Starbucks Seeks Right Brew For Success In Recovery




The Australian:

quotation.jpgSTARBUCKS is planning for a drawn-out recovery in consumer spending, but believes it has trimmed its high-growth business model with more than $US500 million ($581.4m) of cost cuts.

“We have shaped our plans assuming there’s a long recovery here and takes a while for the consumer to come around,” Starbucks chief financial officer Troy Alstead said at a recent Goldman Sachs retail conference.

The consumer health outlook in the US is still hazy as unemployment approaches 10 per cent and consumers build up their savings, leaving Starbucks preparing for more uncertainty before prosperity.

Alstead also said Starbucks would continue to use traditional marketing and social media such as Facebook to fight against attacks from competitors that have chided the worldwide coffee shop for being too pricey.

“Starbucks will not allow others to continue to define us in the customer’s eyes,” Alstead said.

Starbucks, which closed most of its Australian stores last year after failing to penetrate the local market, has elsewhere faced new competition in the premium coffee market from McDonald’s.

Earlier this year, McDonald’s billboards in Seattle, Starbucks’ home turf, proclaimed: “Four bucks is dumb.”

But McDonald’s premium coffee launch, McCafe, may not be giving the chain the boost it wanted.

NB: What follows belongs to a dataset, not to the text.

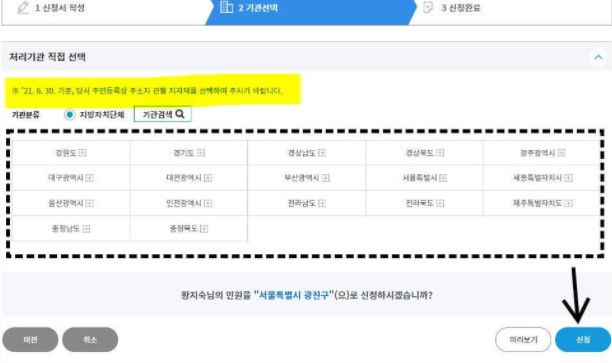 2021,6,30일 기준 당시 주민등록상 주소지 관할 지자체를 처리기관으로 선택하고

McDonald’s has posted disappointing August same-store sales results, including a 1.7 per cent increase in the US, a figure Research Edge analyst Howard Penney says reflects consumers not taking to McCafe with the gusto predicted.

Starbucks shares have more than doubled this year and have bounced from a low of $US7.06 last November. McDonald’s shares, meanwhile, slumped on their results.

Starbucks has identified about 1000 stores it has closed or plans to close and expects to cut about $US550m of costs this year as it responds to a global economic slowdown. It is also making its supply chain more efficient and reducing waste in stores.

As it had improved store profitability, Starbucks was taking about 30 US stores off the list slated for closure, Alstead said.

The company would eventually resume opening new stores in the US, though saw more potential for growth overseas, he said.